Analyse subset of data focussed on cause of deaths
Box plot to show spread of age
deathstats <- cricketer1[which(cricketer1$dead>0),]
attach(deathstats)
boxplot(deathstats$life, xlab = "Age")

Plot to show scatter chart of birth year Vs the age when a player died
This shows that most deaths were at older age with fewer at younger age
plot(year, life, main="Age Vs birth year",
xlab="year ", ylab="age ", pch=19)

Bar plot that shows ratio between death “in bed”, which indicates normal death, Vs accidental death. It clearly shows that the number of accidental deaths were much less
barplot(table(deathstats$cause), main = "Cause of death", xlab = "Status as of 1992", col=c("red","green", "blue"), legend = rownames(deathstats$cause))

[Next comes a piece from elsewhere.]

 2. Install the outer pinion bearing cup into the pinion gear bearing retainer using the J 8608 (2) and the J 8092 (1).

Plot showing distribution of age of players who died and confirming that most of the players were in 60’s and above.
qplot(life, data=deathstats, xlab="Age")
## `stat_bin()` using `bins = 30`. Pick better value with `binwidth`.

Zoom in on cause of accidental deaths
Barplot showing more than 50% of accidental deaths were on field.
accidentstat <- cricketer[which(cricketer$acd>0),]
barplot(table(accidentstat$kia), main = "Cause of death", xlab = "Status as of 1992", col=c("red","green", "blue"), names.arg=c("On field", "Other"))

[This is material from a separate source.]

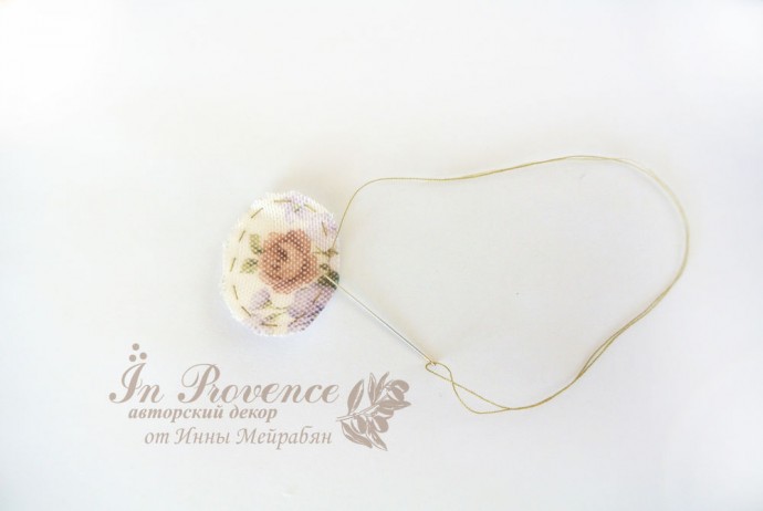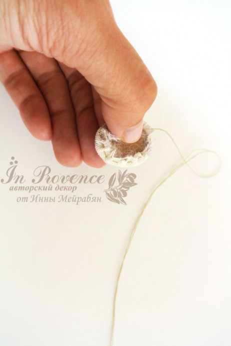 Стягиваем нитку и фиксируем края ткани при помощи клея.

Overall histogram comparisons of lifespans for All players, players who died, and accidental deaths on Field
hist(cricketer$life, main= "Lifespan of all Players", xlab = "Age")

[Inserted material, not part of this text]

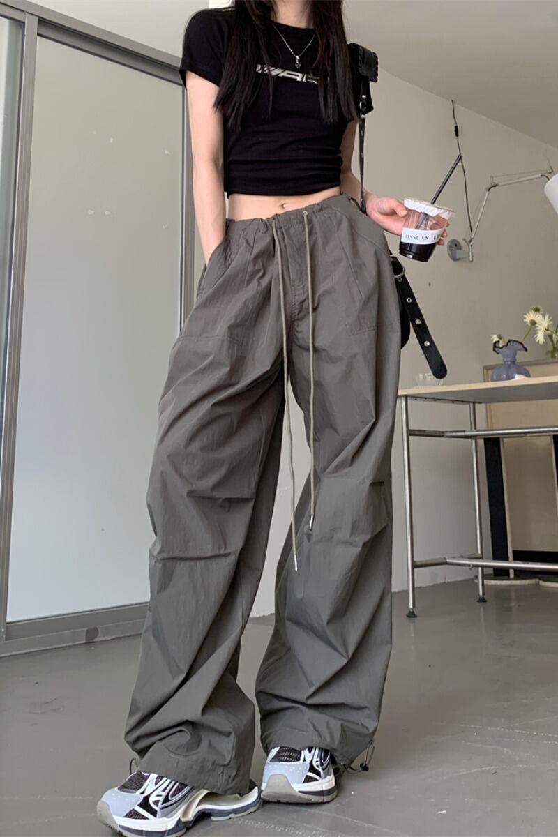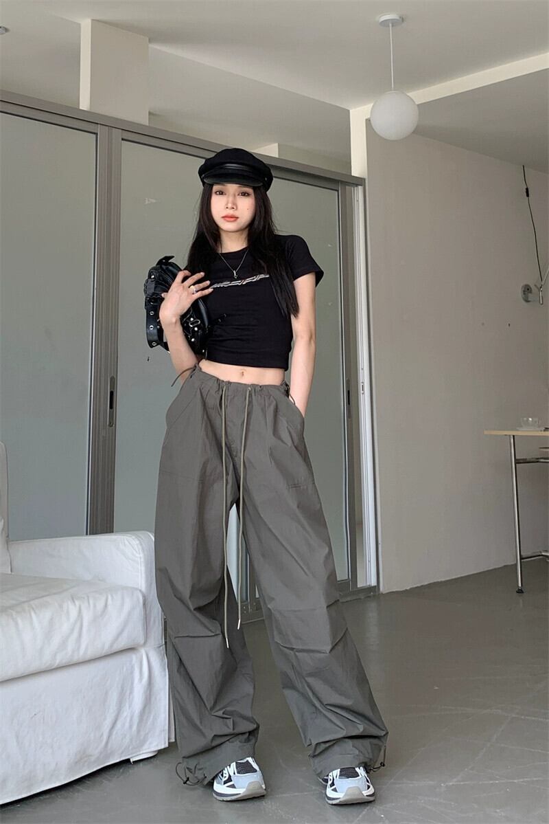ストリートスタイルファッションオールマッチツーリングカジュアルパンツ女性の夏の2023新しい巾着ハイウエストルーズスリムワイドレッグパンツ ハイウェスト サマー 夏物 0921915357383426

hist(deathstats$life, main= "Life span of Players who died", xlab = "Age")

hist(accidentstat$life, main= "Players who died on field", xlab = "Age")

Conclusion
From the histogram above it is clear that most of the players lived a long life, and life span of the players death was more shifted towards older age. However, the players who died due to accident were largely below the age of 50.